Activists Commemorate Thracian Genocide At United Nations

ACTIVISTS COMMEMORATE THRACIAN GENOCIDE AT UNITED NATIONS

Asbarez
Apr 14th, 2010

NEW YORK-Organized by the Pan-Thracian Union of America, "Orpheus,"
activists gathered in Ralph J. Bunch Park outside the United Nations
building to commemorate the Thracian genocide perpetrated by the
Young Turk Party in Thrace, Anatolia and Asia Minor.

Speakers included Sabri Atman, Founder and Director of the Assyrian
Genocide and Research Center; Elias Tsekeride, Deputy President of the
International Confederation of Pontian Hellenes and Parish Council of
Prophet Elias Church of Yonkers; Dimitris Molohides, President of the
Pan-Pontian Federation USA and CANADA; Nikolaos Taneris, President
of the Pan Thracian Union of America; and Garo Manjikian, Director
of the Armenian National Committee of America (ANCA)-Eastern Region.

"The descendants of the Greeks of Thrace, who now live in Greece and
throughout the world, are entering their third and fourth generation
as descendants of Genocide survivors. This commemoration in New York
is a result of a new effort in recent years to tell survivor stories
and speak out about the Genocide, and further, to demand justice from
Turkey – the perpetrator of the Genocide that resulted in the death
of the many millions of Greeks, Assyrians and Armenians who were the
original indigenous people of the entire land mass of Asia Minor and
Thrace," said Taneris.

Speaking on Turkey’s continued genocidal policies, Manjikian commented
that "Armenian, Greek, and Assyrian cultural and historic sites –
such as churches that go back to the 6th, 7th, and 8th century –
continue to be destroyed or neglectd in Turkey today." He also noted
that Turkey’s continued genocidal policies are sometimes enforced
by militarily force, such as the invasion of Cyprus in 1974 and the
killing of innocent Kurds in eastern Turkey.

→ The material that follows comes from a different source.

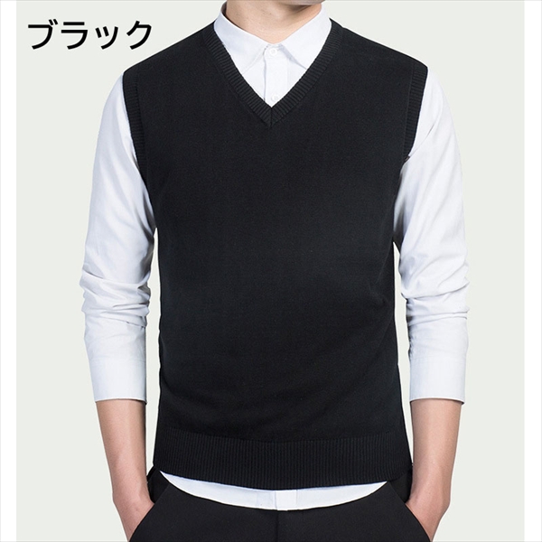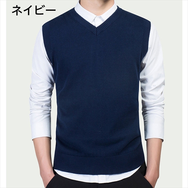 送料無料 2000円 ニットベスト Vネック メンズ ゆったり コット 春 秋 スクールベスト 吸水吸湿 毛玉ができにくい ビジネス 制服 学校 黒 グレー ネイビー i2vest002

"Assyrians once in the hundreds of thousands lived in cities, towns,
and villages geographically located in the east and southeast regions
of what is now today’s Turkey. Presently 10,000 Assyrians live in
Turkey today," said Tsekeride. Tsekeride also highlighted the recent
resolution passed in the Swedish parliament that recognized the events
of 1915-1923 as genocide committed against Armenians, Assyrians,
and Greeks.

All speakers referred to the cycle of genocide that continues today
and the need to prevent genocide. "It has to be clear that today
we are not only condemning the Thracian Genocide, or the Armenian
genocide, or the Jewish Holocaust, or the Genocide in Rwanda or
Darfur, but also crimes against humanity. It is my responsibility,
as well as your responsibility, to commemorate such acts of violence
and to work actively to prevent these crimes," said Molohides.